Part Stealth Fighter, Part Pirate Hunter—All Ocean-Assault Ship

Jason Thompson
Feb 1, 2010
Photographers: Courtesy of General Dynamics, Courtesy of MTU, Courtesy of Austal
The USS Independence (LCS 2) is one of two ships competing to win the U.S. Navy's contract for 55 multi-role, coast-patrolling littoral combat ships. The other competitor is Lockheed Martin's USS Freedom, which is based on an Italian Fincantieri transatlantic record-setting yacht. The USS Independence is based on a passenger and automobile ferry designed by an Australian company named Austal. Its aluminum-trimaran hull makes it extremely fast and stable during its projected 30-year service life. The USS Independence is rated for speeds in excess of 45 knots (52 mph).

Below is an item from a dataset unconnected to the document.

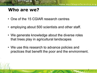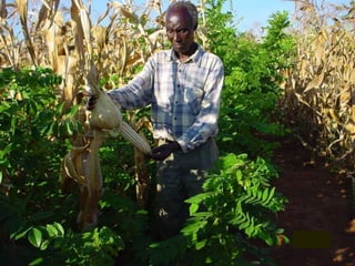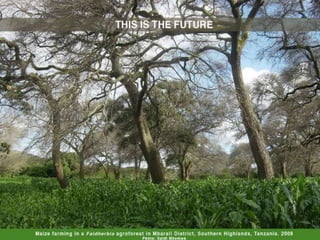 This document discusses agroforestry as an essential tool for climate resilience. It summarizes that by 2050, food production will need to increase 60% on the same land area while making farms more resilient to climate change and reducing greenhouse gas emissions. Agroforestry brings many benefits like increased soil fertility and crop yields through the use of fertilizer trees. Studies show agroforestry systems can produce higher yields than chemical fertilizers alone. Agroforestry also improves climate resilience by buffering weather impacts and storing large amounts of carbon in soils and trees. The document argues agroforestry is key to achieving food security and climate goals by 2050 by sustainably increasing production while reducing emissions and adapting to climate change.
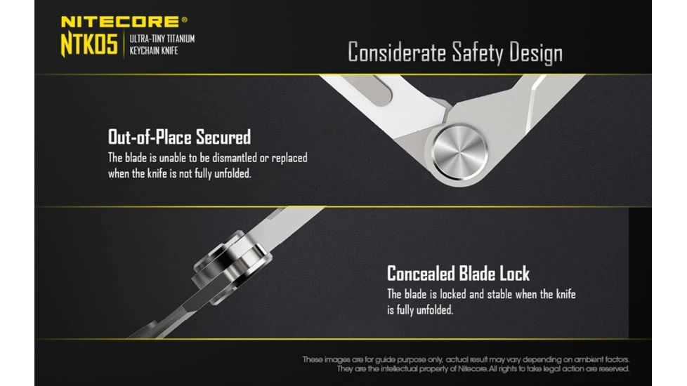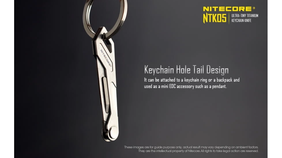 For all the times when precision matters more than power there is the Nitecore NTK05 titanium keychain scalpel blade knife. This exquisitely CNC crafted titanium scalpel blade is made of TC4 aerospace grade titanium; it offers incredibly high strength, durability, low density and corrosion resistance. The NTK05 is everyday carry ready with a built in keychain hole on the grip. Experience all the benefits of an ultrasharp scalpel blade with the compact design of a folder, weighing under 5 grams and 4 inches once opened. The NTK05 is perfect for all utility cutting tasks: box cutting, package opening, rope incising. When youre done, you never need to worry about a dull blade with the NTK05 as it takes standard no. 11 scalpel replacement blades. A concealed blade lock secures the NTK05 in place when completely unfolded to keep you and your fingers safe. The NTK05 ensures the blade cannot be removed or dismantled while the the blade is fully extended for an added peace of mind. Once locked the blade retention device ensures a level and steady blade ready to tackle any cutting tasks.![]()

Photo 2/7   |   USS Independence LCS 2 left Side Angle
The Littoral Combat Ship Program
General Dynamics, along with BAE Systems, Austal, Northrup Grumman, L-3 Communications, and Maritime Applied Physics Corporation is the consortium building the USS Independence in Mobile, Alabama. The civilian version has four diesel engines, while the military concept has two diesels and two gas turbines. The U.S. Navy's Littoral Combat Ship (LCS) program began back in 2001, and its main goals were to provide an inexpensive, fast, and versatile fleet able to patrol shallow (littoral) coastal areas. The idea for this came from the Royal Danish Navy and its successful Standard Flex concept, which allows one ship to do multiple tasks by switching mission-specific modules.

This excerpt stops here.